Professor Greene, in studying the relief and particularly characters in scenes which had always been identified as boys, realized that six of them weren’t boys at all, but girls and women.
She says it could be simply a case of you see what you’re looking for, and it’s a detail most “military” scholars wouldn’t be seeking.
The professor at the university in London Ontario, who studies the Roman army and women’s roles, says these were probably wives and daughters of officers, and that women may have been more present that had previously been thought.
Recent discoveries at archaeological sites have turned up other evidence of women at camp sites, including things like shoes which clearly belonged to women.
In addition, almost half the plaques or “diplomas” given to provincial soldiers who had served 25 years with the army mentioned a wife and children.
Professor Greene says evidence indicates that there was probably a very large community that followed the army either established around its forts or following it on campaigns, with de-facto wives providing a number of services needed by the army.
This would especially be the case as stability in areas was established and actual towns evolved around forts.
Greene points out that the image of “camp followers” or prostitutes accompanying the army is very likely not nearly as prevalent as previously thought, whereas the presence of de-facto wives was in turn probably more prevalent, and that they would have had to work, providing services to augment the very low pay of their soldier/husbands.
In presenting her evidence to a major international gathering of archaeologists recently, it was agreed by all that there had been a long-standing misinterpretation, and that these were in fact women present during the campaign participating in the religious event.
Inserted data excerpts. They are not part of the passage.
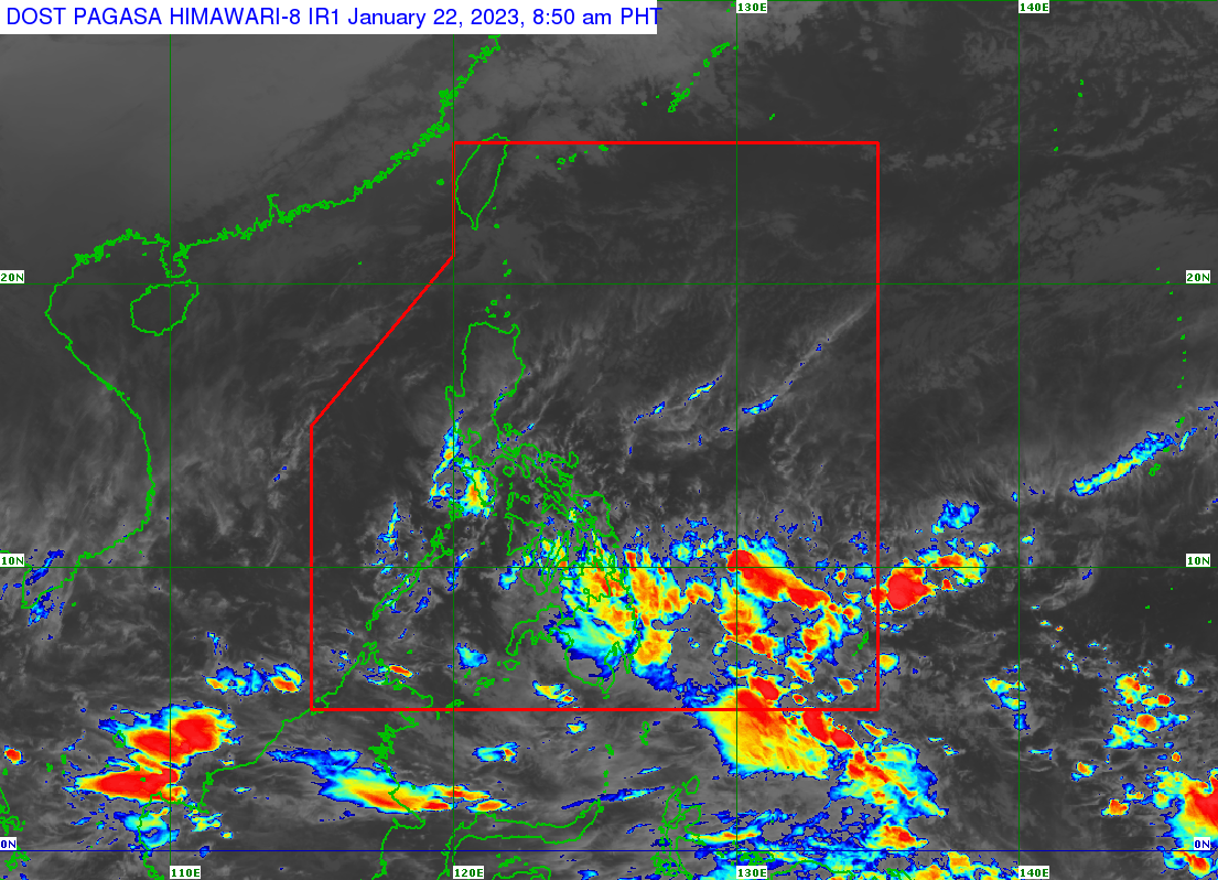 The trough of an LPA outside PAR will bring rain to parts of Eastern Visayas and the Caraga, Davao regions in Mindanao.
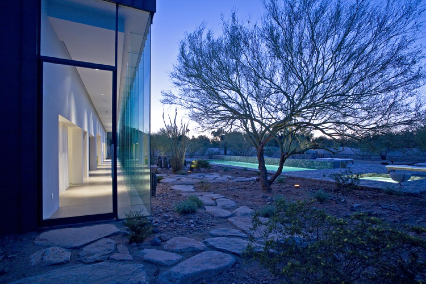 The one-acre site is within a single-family residential neighborhood, surrounded by textured desert mountains to the south, west, and northeast. The pure structure cuts a clean sharp edge through the revegetative desert landscape.
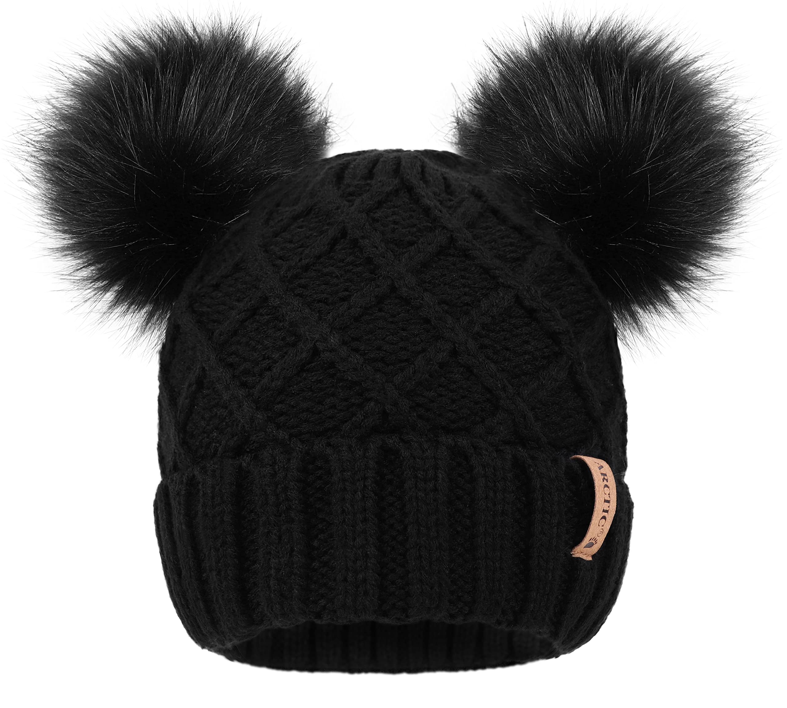 Arctic Paw Womens Winter Hat Cable Knit Beanie for Women Faux Fur Pompom Ears|Clothing
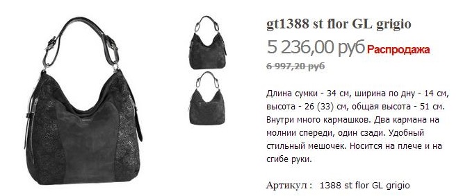 Копирую новость с сайта: По многочисленным просьбам распродажа сезона "Осень-зима 2013-2014" продолжается. На сумки Arcadia, Carlo Salvatelli, Gianni Chiarini, Gironacci, Marino Orlandi, Valentino Orlandi не находящиеся в разделе "Sale" скидка -30%. На сумки Di Gregorio, Fabrizio Poker, Marina Creazioni, Renato Angi, Ripani, Tentazione Due, Tosca Blu не находящиеся в разделе "Sale" скидка -25%. На сумки Bruno Rossi, Cromia, Gilda Tonelli, Giudi (женские), Mastro Rocco и Riccardo Gennari не находящиеся в разделе "Sale" скидка -20%.
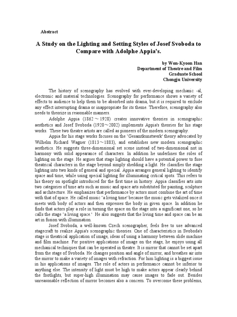 A Study on the Lighting and Setting Styles of Josef Svoboda to

She notes that because Roman Legions often engaged locals to augment their force, the army, and undoubtedly the surrounding support community connected to the soldiers, could be a fairly diverse, or “multi-cultural” as well.
She notes that as scholars continue to study and discover new things about Roman life, they are also continuing to discover how many aspects have come down through the centuries to either affect or are otherwise represented in present day situations, polical, social, and military.